I'm a bit puzzled in regards to what bar spacing is appropriate for mice. I see people saying that 1cm is too large, but others using cages with 1cm bar spacing such as freddy, zelos and jenny with no issue.


----------



## Laigaie (Mar 7, 2011)

Like most things, it depends.

Bigger mice can tolerate larger bar spacing. Mice vary in size from 25g to over 100g, so that's a huge difference just in adult mice. Most pet mice are going to be on the smaller end of that, though, so what works for someone with bigger mice might not work out well if you've got smaller ones.

Crossbar spacing is important, too. If the bars are mostly all in one direction, with hardly any going in the other direction, mice can and will warp the bars in order to fit through. When the bars are a thicker gauge wire, that's harder to do, and harder still when there are a lot of crossbars. Mesh of the same spacing will be much harder for a mouse to squish through than just bars.

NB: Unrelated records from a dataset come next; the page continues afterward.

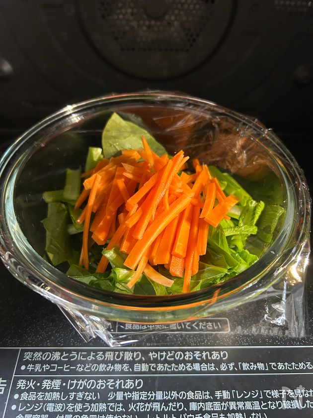 (2) 小松菜は洗って3cm幅に切り、にんじんは細切りにする。耐熱ボウルに入れてラップをし、600wの電子レンジで2分ほど加熱する。冷水にさらして、水気を絞る。
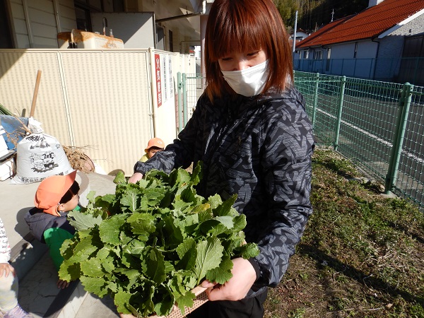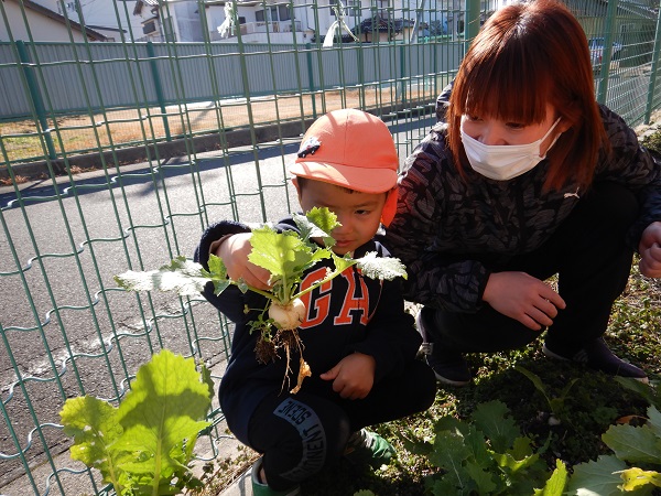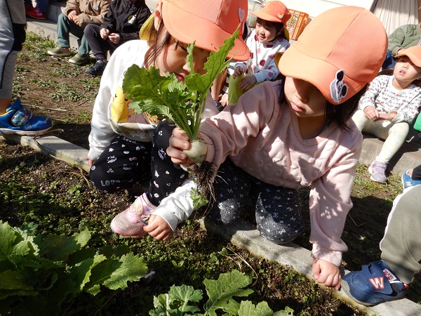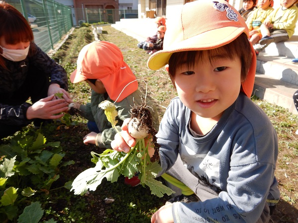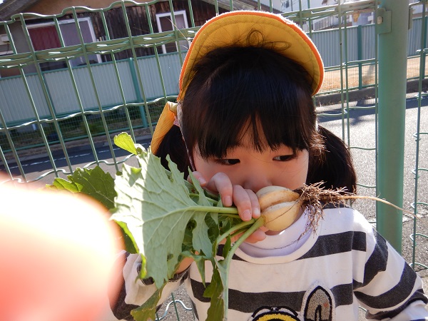 「土のにおいがする」「葉っぱの匂い♪」「かぶのいい匂いがする~」とクンクン♪
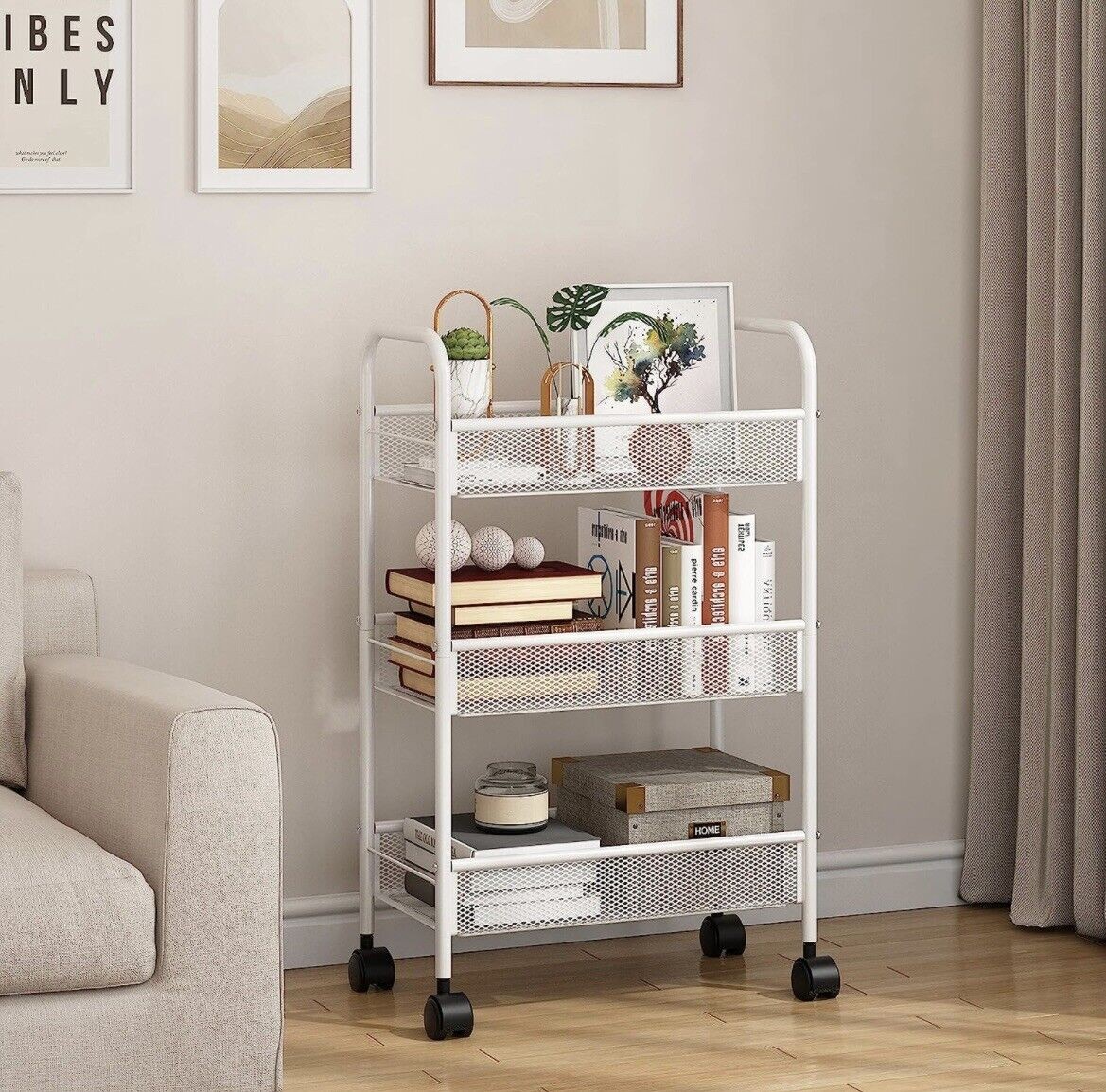 3 Tier Metal Rolling Storage Cart, Utility Organizer Storage Shelves, 4 Wheels
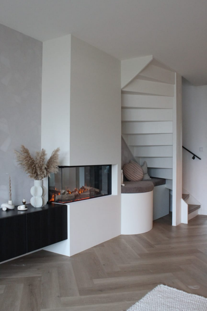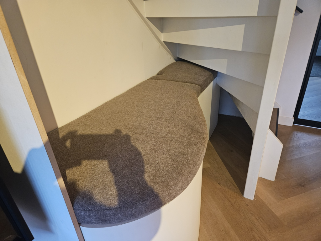 Ze wilden, ter afwerking van de vloerverwarmingsunit onder de trap in hun woonkamer, graag een bankje in een organische vorm en daarnaast een ombouwde elektrische haard.
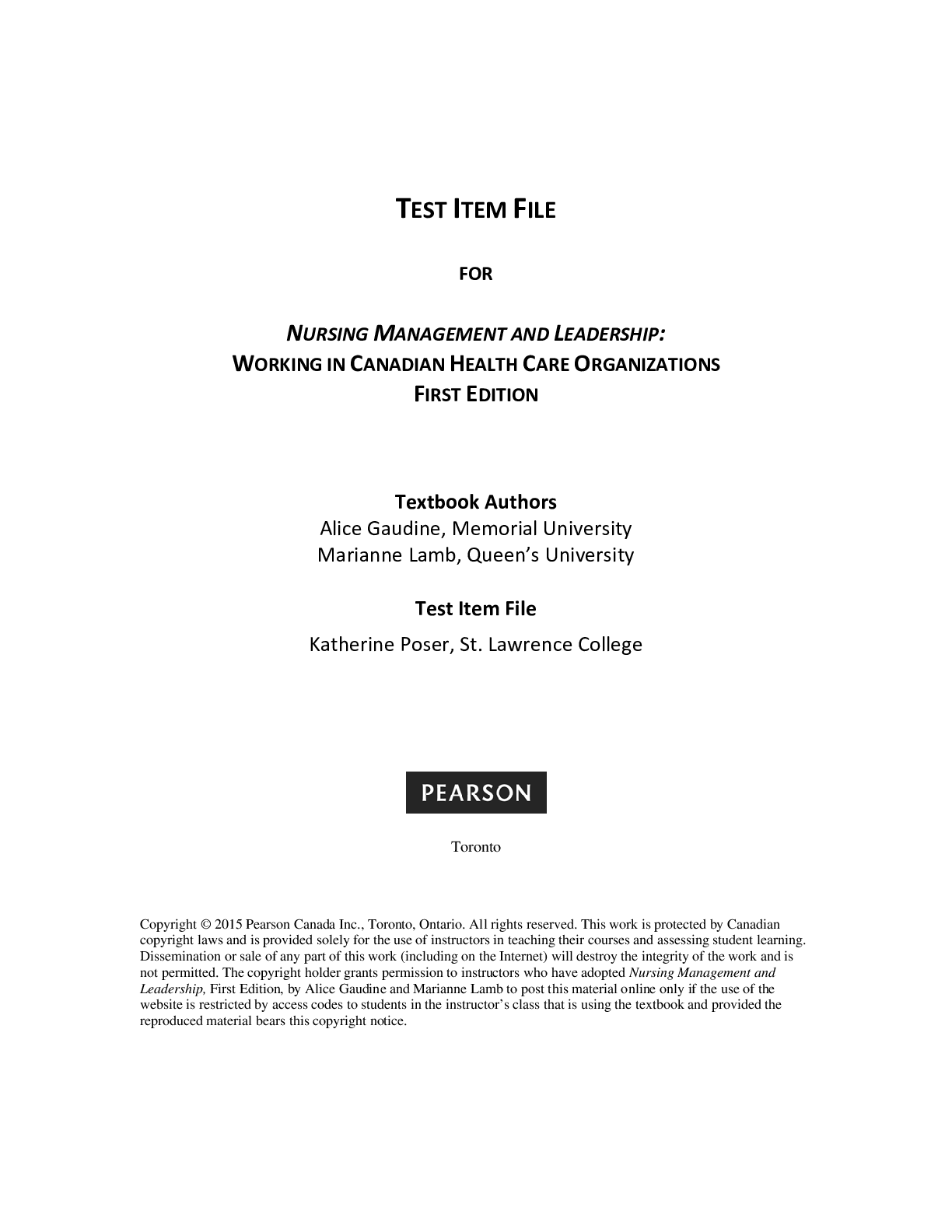 Education > TEST BANKS > Test Bank For Nursing Leadership and Management, 1st edition by Alice Gaudine (All)
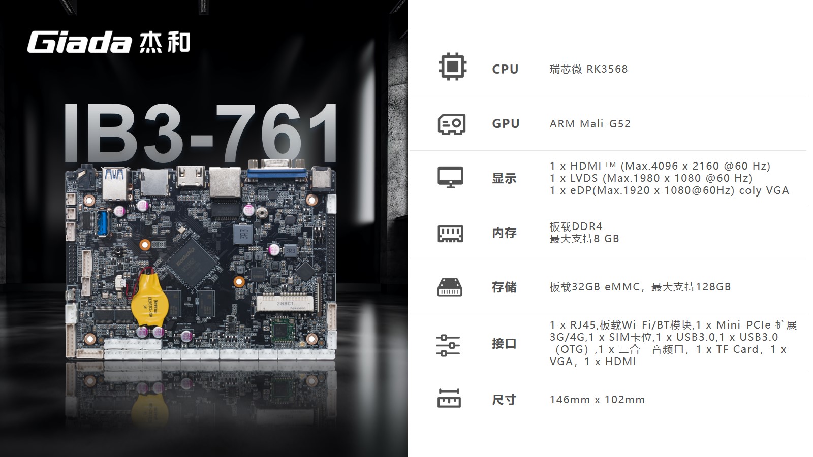 金年会|金年会·jinnian工业级ARM主板IB3-761基于瑞芯微RK3568四核64位处理器开发。内置1TOPS算力的NPU,满足轻量级端侧AI计算应用。
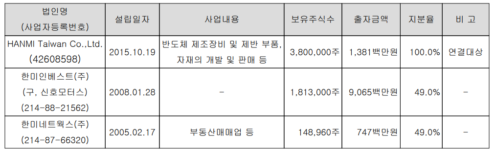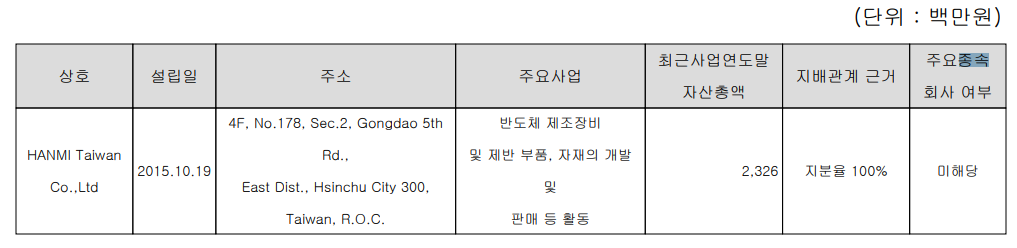 계열회사 중 타이완 법인인 한미 타이완은 반도체 제조장비 및 제반 부품의 자재 개발 및 판매를 영위하는 목적으로 설립되었고, 기업 집단의 대표회사는 한미반도체입니다.

And in my opinion most importantly, you won't know what's not working until a mouse is escaped, dead, or in serious peril. If a mouse can just barely manage to squish out their skulls, they'll get stuck in the bars. Mice have been known to kill themselves in trying to squish through bars, occasionally by trying to squish back through a different pair of bars. And this happens really quickly. I can think of only once that someone's said they were able to catch the mouse who'd gotten her head stuck (in this case a chewed-out hole, not bars) before the mouse perished. So, basically, it may look like something's working for a while, only for it to end in tragedy.

Suffice to say, I really really don't like bar cages.


----------



## WoodWitch (Oct 18, 2009)

Laigaie said:


> Suffice to say, I really really don't like bar cages.


....all that Laigaie says, and in addition, I think that bars encourage bitey behaviour in mice.


----------